The intention of this blog is to communicate with people who don't speak "Data". Unfortunately, I'm a data geek, and so I struggle to speak "human." I get a "deer in the headlights look" when I use phrases like "Big Data", or "Open Data" and my friends say, "huh?" How to communicate everything that's changed in the world of the internet, and the digitization of information is challenging because language develops around experience, and technical language is precise. What's really interesting is being in the midst - literally - of the development of a new global language because of technical change. However, that makes translating back to non-technical language even more challenging.
Volume, Velocity, Variety
When I first began collecting data I had a 1.2 kbps dial-up connection off of a 13 lb Compaq laptop. That first connection was literally 1,200 bits per second (1,200 1s & zeroes). Today, we talk in terms of (fiber) speeds of 125,000,000 bits per second and some providers supply 1,000,000,000 bits per second. Heck, I was actually part of the fiber beta test with the now-defunct @Home network - around 1996 or so. If you remember, you had to have a service provider to dial into to connect to the internet. You dialed a phone number, and paid by the minute. @Home's connection was "always on" and wicked fast. Netscape's browser was released in 1994 and improved the experience of browsing on the internet from looking at file folders and having to open a file to see a picture, to actually having something to view.
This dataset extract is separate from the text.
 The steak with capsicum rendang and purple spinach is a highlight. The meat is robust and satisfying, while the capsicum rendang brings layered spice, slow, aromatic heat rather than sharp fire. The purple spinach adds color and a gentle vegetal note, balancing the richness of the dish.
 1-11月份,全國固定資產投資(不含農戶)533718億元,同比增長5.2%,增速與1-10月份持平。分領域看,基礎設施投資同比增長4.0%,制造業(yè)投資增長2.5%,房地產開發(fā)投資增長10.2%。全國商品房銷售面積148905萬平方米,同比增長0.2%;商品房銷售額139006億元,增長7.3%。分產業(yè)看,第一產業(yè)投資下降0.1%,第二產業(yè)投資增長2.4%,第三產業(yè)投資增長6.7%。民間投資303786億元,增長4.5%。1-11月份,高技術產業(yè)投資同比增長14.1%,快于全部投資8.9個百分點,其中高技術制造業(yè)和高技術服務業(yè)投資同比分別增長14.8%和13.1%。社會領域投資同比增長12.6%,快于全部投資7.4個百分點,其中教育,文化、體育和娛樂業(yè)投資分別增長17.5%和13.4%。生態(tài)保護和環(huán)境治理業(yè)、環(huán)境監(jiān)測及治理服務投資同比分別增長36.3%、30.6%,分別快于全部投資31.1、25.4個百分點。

So, not having to listen to that hum of a dial-up and wait for it, wait for it, wait for it connect was awesome! However, only @Home's site was optimized to support that kind of speed. Everyone else in the world had their "websites" (many of which were still file folders) hooked up to a 9.6 or 14.4 kbps (9,600 or 14,400 bits per second) modems and so the speed on my end was useless. I cancelled my subscription and opted back into the slower speeds using the dial-up method for a couple more years.
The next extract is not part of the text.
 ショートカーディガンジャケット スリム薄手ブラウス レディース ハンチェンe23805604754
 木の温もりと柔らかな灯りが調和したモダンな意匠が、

Interestingly enough, because I worked in wireless telecommunications, I was working with technologies and technological deployments of not just the voice networks, but also the early data networks. There were times when it was faster and easier to go over the air than it was to go over the land-line. That still holds true today. Still, as with anything to do with the speed of connection, you can be as fast as YOU want, but if the other end isn't capable of responding with that speed, your resource is wasted.
And all during this time, I was pulling down more and more data for my job as a telecommunications engineer. What had started off of as pulling down alarm data through a 1.2 kbps TTY connection had evolved to pulling configuration and performance data from the 51 switches of the AT&T Wireless network. This was so I could quantify, measure, and report the capacity and performance of the voice switches. And to be able to do that, what used to take three commands and log file dumps to get a view of connectivity & availability to the switches grew to over 26 commands and log files for just a single portion of a capacity measure.
Then came the additional types of network nodes to integrate. The variety of data exploded. Luckily, because it was a big company, we had a database organization which took over pulling the data, parsing (breaking it up into discrete records) the data, and stuck it in a database so engineers like myself could develop analyses and report on the health of our voice and data networks.
Then the internet began to grow up. Business built websites, government agencies did too. The Internet of Things was no longer just a cell phone, but a car's computer chip, or an assembly line robot. Robotics and machines grew in complexity as chips could hold more and more information in their tiny real-estate. Imaging systems were no longer x-rays or ink on paper or photographic gels, but 1s and 0s.
For people like me, the mid-2010s were when the "outside world" finally became interesting. There were enough datasets of sufficient complexity to challenge the datasets which were being generated through the complex wireless networks I'd spent my career engineering. And that data was open and available to be used, not hidden away in a book filed away in a remote library or office to which no one except those sufficiently local could access. And that is what the data revolution is also all about - the access to information which used to be inaccessible. And that newly accessible information can now be joined with other information which was otherwise previously inaccessible to create new understandings.
So, what is "Big Data"? Simply put, Big Data means there's a lot of it, that comes at you fast, and varies in type from pictures, to sound, to text, to machine code, to whatever. Your business might not have Petabytes ( 800,000,000,000,000 1s or 0s where a byte is 8 bits) of information, but it probably has a large variety of data though. Having the financial data, the sales data, the customer data, the this data, the that data - it's that variety which bogs down the decision-making process of many small-to-medium sized businesses today.